Through training, these kernels become more fine-
grained to reduce the loss function’s output.
Pooling is applied to each one of the convolution
images. Deep networks are stacked in such a way as
to include many different types of layers. A general
strategy is to follow a convolution layer with a type
of layer called a pooling layer. The convolution layer
is responsible for learning the lower level features of
an image, such as edges. The pooling layer seeks to
detect a higher level understanding of the lower level
features from the convolution layers. Pooling is also
good for building invariance to local translations.
This means that even if the input region is slightly
translated, most of the pooled output values will not
change.

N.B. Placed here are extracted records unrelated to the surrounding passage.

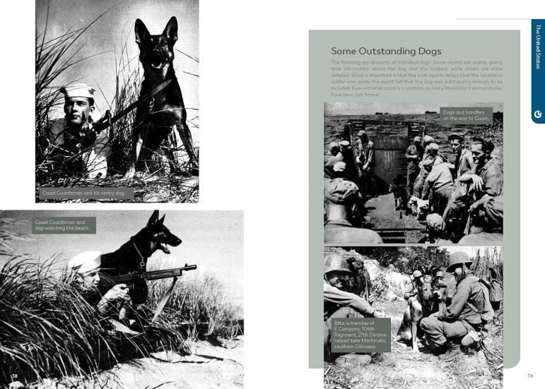 • Raconte les histoires de certains chiens qui ont servi pendant la Seconde Guerre mondiale, y compris les animaux britanniques qui ont reçu la médaille Dickin.
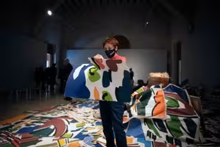 La sala Refectorio del Centre del Carme de Valncia ha acogido una particular muestra de estas obras, tiradas en el suelo y apoyadas en las paredes, que la propia artista y varios galeristas y amigos han pisado, rasgado y pintado.
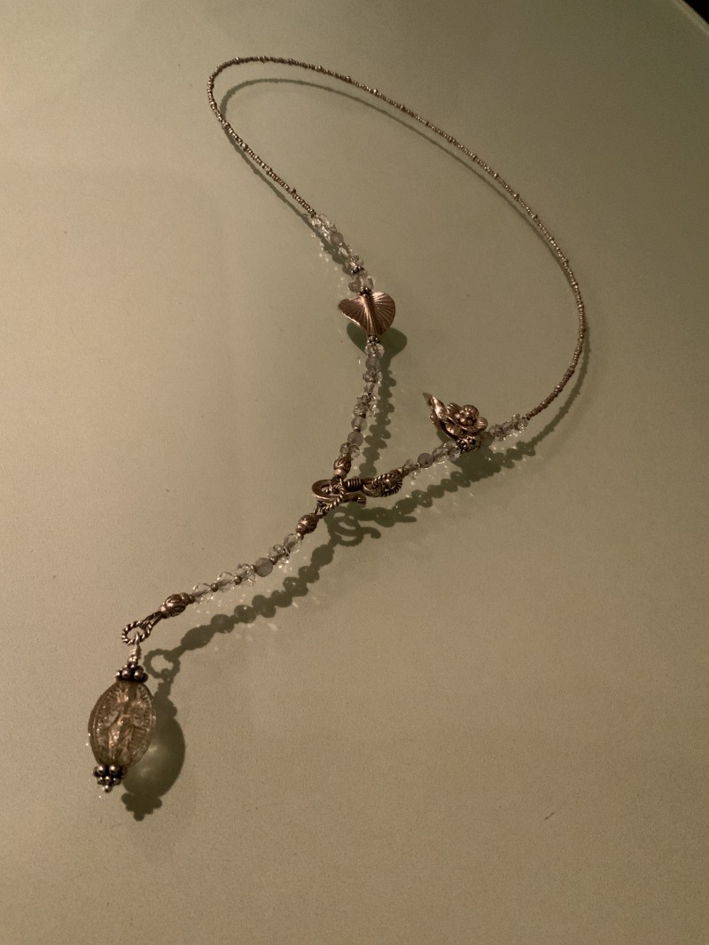 「A様専用」ロザリオパーツとボタニカルなカレンシルバー、クォーツ、ラブラドライト、ハーキマーダイヤモンドのネックレス

By employing max pooling (defined below),
dominant features, or regions with the largest values,
can be extracted and fed into later layers of the
network. Along with this benefit, the image is also
reduced dramatically because it is downsampled in
one of three ways:
1) Max pooling The maximum pixel value is
chosen out of a rectangular region of pixels.
2) Min pooling The minimum pixel value is chosen
out of a rectangular region of pixels.
3) Average pooling The average pixel value is
chosen out of a rectangular region of pixels.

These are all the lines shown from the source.